If (result. length! = 3 ){
Result [0] = "--";
Result [1] = "--";
Result [2] = "--";
}
Forward (result );
}
}
Follow the steps above to export the jar package and upload it to the Linux server. I will not repeat it here. It is actually another way to upload files. I will teach you the next time.
Step 1: add jar "jar-path"
Omitted
Step 2: create function requestparse as 'package name + class name'
Step 3: use this function
Compare the previously imported data
UDAF (user-defined aggregation functions)
"Small" requirement:
Find the Maximum Traffic Value
Key points:
1.inherited from org.apache.hadoop.hive.ql.exe c. UDAF ";
2. self-defined internal class: Real-time interface: ”org.apache.hadoop.hive.ql.exe c.
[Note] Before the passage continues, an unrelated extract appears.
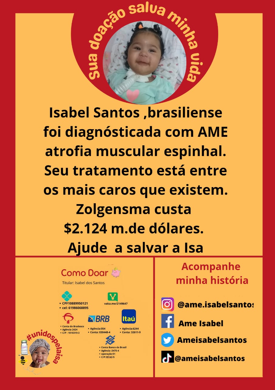 É uma doença degenerativa, rara, neuromuscular, grave e irreversível que interfere na produção de proteínas essenciais para a sobrevivência dos neurônios motores. Tais neurônios são responsáveis pelos movimentos voluntários vitais simples, como respirar, engolir e se mover. Todas as informações sobre a luta da Isabel estão na página do Instagram movimentada pela família: @ame.isabelsantos

UDAFEvaluator ";
3. The iterate (), terminatePartial (), merge (), and terminate () methods must be implemented.
* JAVA code
Package com. hadoop. hivetest. udf;
Import org.apache.hadoop.hive.ql.exe c. UDAF;
Import org.apache.hadoop.hive.ql.exe c. UDAFEvaluator;
Import org. apache. hadoop. io. IntWritable;
@ SuppressWarnings ("deprecation ")
Public class MaxFlowUDAF extends UDAF {
Public static class MaxNumberUDAFEvaluator implements UDAFEvaluator {
Private IntWritable result;
Public void init (){
Result = null;
}
// The interate method is called for the aggregated values of each row in multiple aggregated rows. Therefore, we define the aggregation rules in this method.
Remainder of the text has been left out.